Kisah Keajaiban Maaf: Jalan Menuju Surga yang Terbentang Luas
Oleh : Ustad Mogayer
Di suatu senja yang tenang, dalam hangatnya kebersamaan para sahabat, Rasulullah SAW duduk bercengkrama. Suasana penuh kedamaian itu tiba-tiba dihiasi tawa ringan beliau, tawa yang begitu tulus hingga memperlihatkan barisan gigi depannya yang bersih. Umar r.a., yang selalu penuh rasa ingin tahu dan cinta pada Nabi, segera bertanya, “Apa yang membuatmu tertawa wahai Rasulullah?”
Pandangan lembut Rasulullah SAW beralih pada Umar, kemudian beliau menjawab, “Aku diberitahu Malaikat, bahwa pada hari kiamat nanti, ada dua orang yang duduk bersimpuh sambil menundukkan kepala di hadapan Allah SWT.”
Kisah itu pun mengalir dari bibir mulia beliau. Salah seorang di antara mereka mengadu kepada Allah, dengan suara yang mungkin bergetar karena ketakutan akan perhitungan, “Ya Rabb, ambilkan kebaikan dari orang ini untukku karena dulu ia pernah berbuat zalim kepadaku.”
Allah SWT, Maha Adil lagi Maha Bijaksana, berfirman, “Bagaimana mungkin Aku mengambil kebaikan saudaramu ini, karena tidak ada kebaikan di dalam dirinya sedikit pun?”
Mendengar firman itu, orang yang mengadu tadi tidak menyerah. Ia begitu ingin mencari pertanggungjawaban atas kezaliman yang pernah ia rasakan, hingga ia berkata, “Ya Rabb, kalau begitu, biarlah dosa-dosaku dipikul olehnya.”
Sampai di titik ini, suasana berubah. Mata Rasulullah SAW yang jernih mulai berkaca-kaca. Air mata perlahan menetes, tak mampu beliau tahan. Beliau menangis. Dengan suara bergetar dan hati yang penuh rasa khawatir akan dahsyatnya hari itu, beliau bersabda, “Hari itu adalah hari yang begitu mencekam, di mana setiap manusia ingin agar ada orang lain yang memikul dosa-dosanya.”
Namun, kisah ini belum usai. Dengan suara yang lebih tenang, Rasulullah SAW melanjutkan kisahnya.
Lalu Allah SWT berkata kepada orang yang mengadu tadi, “Sekarang angkat kepalamu.”

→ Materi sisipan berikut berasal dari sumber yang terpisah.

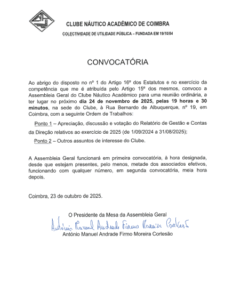 Assembleia Geral Ordinária | 24 de novembro | 19 horas e 30 minutos, na sede do Clube

Orang itu mengangkat kepalanya, dan apa yang ia saksikan sungguh di luar dugaan. Matanya terbelalak takjub, ia berkata, “Ya Rabb, aku melihat di depanku ada istana-istana yang terbuat dari emas, dengan puri dan singgasananya yang terbuat dari emas dan perak, bertahtakan intan berlian. Istana-istana itu untuk Nabi yang mana, ya Rabb? Untuk orang shiddiq yang mana, ya Rabb? Untuk syuhada yang mana, ya Rabb?”
Suara agung Allah SWT kemudian berfirman, “Istana itu diberikan kepada orang yang mampu membayar harganya.”
Orang itu, yang masih terpukau, bertanya, “Siapakah yang mampu membayar harganya, ya Rabb?”
Dan jawaban-Nya sungguh mengejutkan, “Engkau pun mampu membayar harganya.”
Ia terheran-heran, tak percaya, sambil berkata, “Dengan cara apa aku membayarnya, ya Rabb?”
Maka Allah SWT berfirman, “CARAnya, engkau MAAFkan saudaramu yang duduk di sebelahmu, yang kau adukan kezalimannya kepada-Ku.”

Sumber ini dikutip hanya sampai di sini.